About the Project

View the Tulane MPS 2016 Presentation of the Carrollton Courthouse

The Carrollton Courthouse, located at 701 South Carrollton Avenue, was designed by the noted 19th century Louisiana architect Henry Howard. It was constructed in 1855 as the center of government for Jefferson Parish. After the annexation of Carrollton by New Orleans in 1874, the building was converted into a school. After serving in this capacity for over a century, the courthouse has sat empty since 2013. In June of 2015, the National Trust for Historic Preservation brought national attention to the courthouse by naming it one of America’s 11 Most Endangered Places.

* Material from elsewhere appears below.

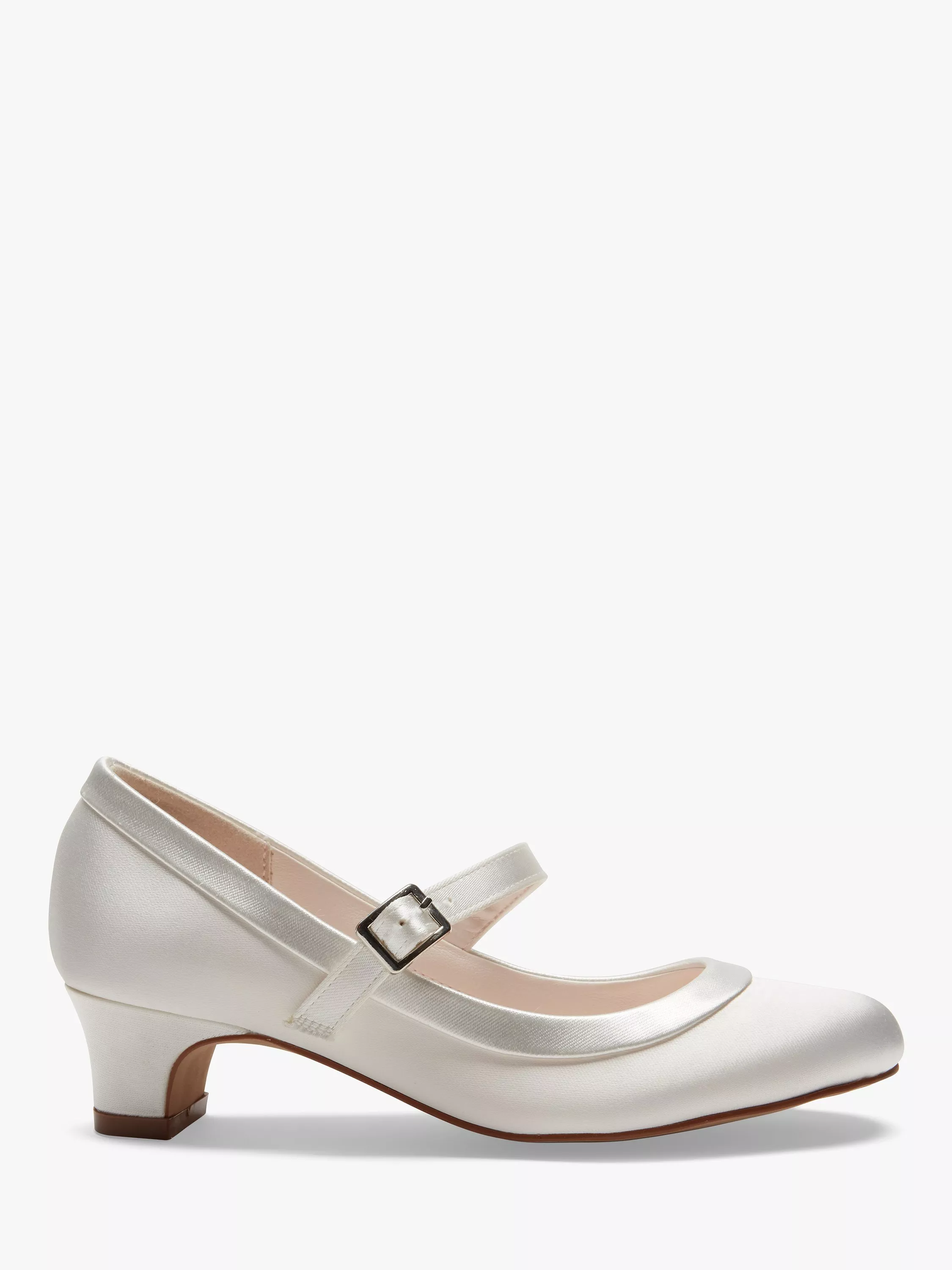 Cute and classic, Maisie is the perfect shoe for little bridesmaids who want to wear a small heel. Crafted from beautiful ivory satin, these low-heeled shoes feature a pretty floral print lining and are finished with a strap across the foot and a wide overlay trim in matching ivory satin.
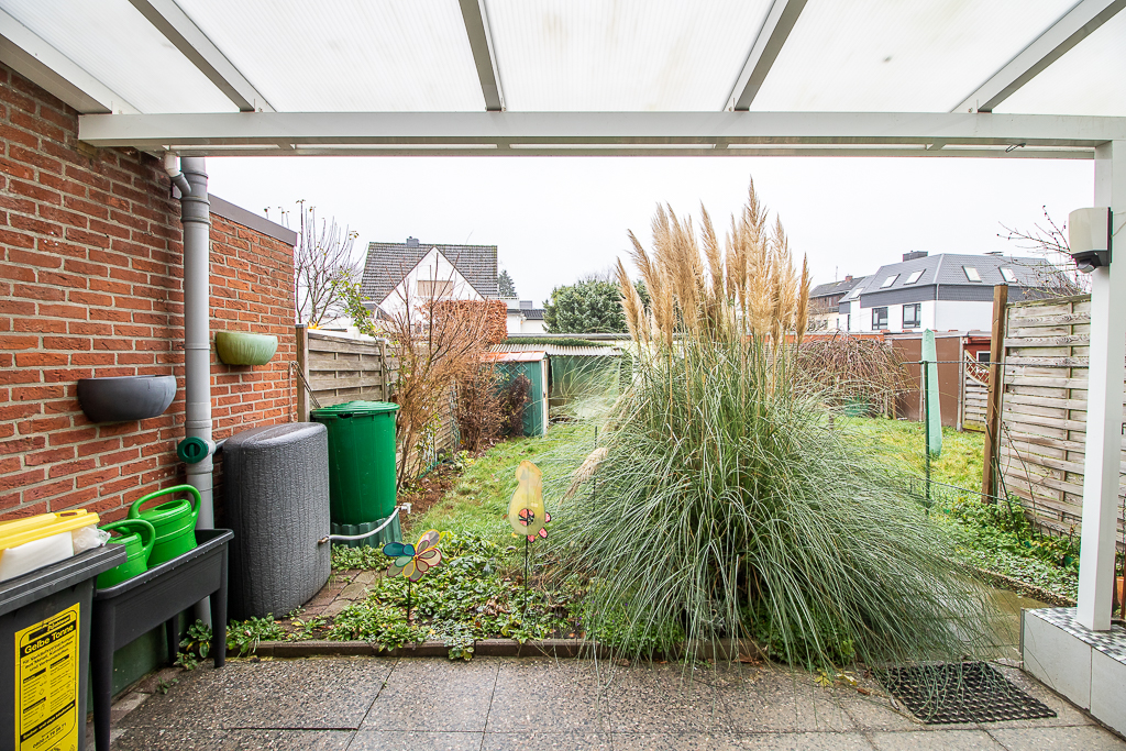 Dieses gepflegte Reihenmittelhaus überzeugt durch eine klassische Raumaufteilung und ein angenehmes Wohnambiente. Im Erdgeschoss empfängt ein zentraler Flur, von dem aus die Küche mit Einbauküche, das Gäste-WC sowie das Wohnzimmer erreichbar sind. Der Wohn- und Essbereich bildet den Mittelpunkt des Hauses und wird durch den vorhandenen Kamin besonders gemütlich. Von hier aus besteht direkter Zugang zur überdachten Terrasse und in den Garten.

In October 2015, the Carrollton Courthouse became the site of the building conservation studio of Tulane University’s Masters in Preservation Studies program. This website serves to consolidate the information generated during this study, to better inform community members and stakeholders about the history, context, and evolution of this site.

Why did we take on the project?  Read here about the Rationale.

Who worked on the project?  Meet the students and Contributors.

Since the class:

January 28, 2016: A presentation regarding the findings of the Building Presentation Studio took place on January 28th at 6:00 pm in Room 201 of Richardson Memorial Hall on the Tulane campus.

February 27, 2016: Students Kelly Calhoun and James Rolf were invited to make a presentation of the Carrollton Courthouse at the Benjamin Franklin High School 50-Year Class Reunion.

March 22, 2016: Barri Bronston writes, “Students propose designs for old Carrollton Courthouse” in an online publication: https://news.tulane.edu/news/students-propose-designs-old-carrollton-courthouse

August 16, 2016: James Rolf, a Fall 2016 Studio classmate, discusses development and rezoning of the property with the Orleans Parish Recovery School District.  http://uptownmessenger.com/2016/08/carrollton-courthouse-neighborhood-meeting-live-coverage/

March 23, 2017: The Carrollton Courthouse was sold in an auction to Houstonian Carl Mittendorf of Houston, Texas for $4.7 million, who plans to turn it into a senior living community.